У Моисея хоренского мы читаем, что древние армяне, подобно многим восточным и древне-западным народам, имели священные рощи, где они поклонялись священным деревьям. Древнейшая роща в этом роде была насаждена Араманиаком, сыном Хайка, за 2000 с лишком лет до Р. X., в айраратской провинции, на берегу реки Ерасха (Аракса) недалеко от холма, на котором впоследствии сын его, Армаис, построил город Армавир[575], первую и древнейшую из армянских столиц. Деревья, насажденные Араманиаком, Моисей хоренский называет соси, *** — «род серебристых тополей». В таинства поклонения этой рощи первоначально посвящались только избранные мужи, как напр.
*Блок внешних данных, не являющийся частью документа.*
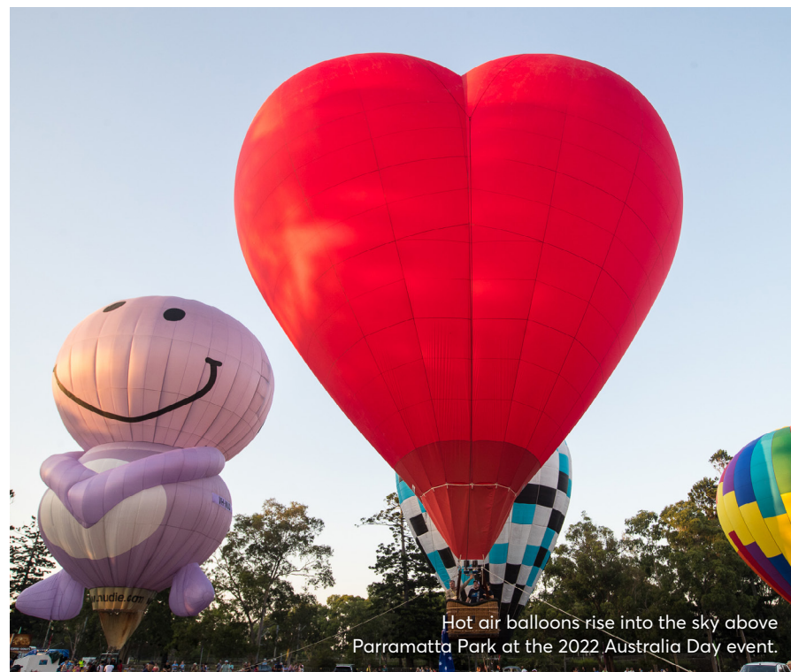
Hot air balloons rise into the sky above Parramatta Park at the 2022 Australia Day event.
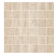
BLOCK SEASON CREMA P0000188 30x30_12"x12
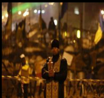
3/2013 "Unification of Svoboda with other opposition forces is not funny but dangerous" Prime Minister Mykola Azarov
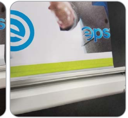
Apply tape to the bottom front of the graphic for extra re-enforcement.

Анушаван, сын Ары, — «муж, богато одаренный от природы и многоумный», вследствие чего и прозванный Сосаневер, ***[576]. В этой роще армянские жрецы гадали по шелесту листьев упомянутых тополей подобно додонским жрецам, гадавшим по движениям «многоязычного» — полиглоссос — «пророчествующего дуба» — quercus fatidica. — «Колебания листьев этих деревьев, говорит Мар-Абас Катина, при тихом или сильном дуновении ветра в течение многих веков составляли науку гадания в земле армянской» (М. хорен. кн. I, гл. XX).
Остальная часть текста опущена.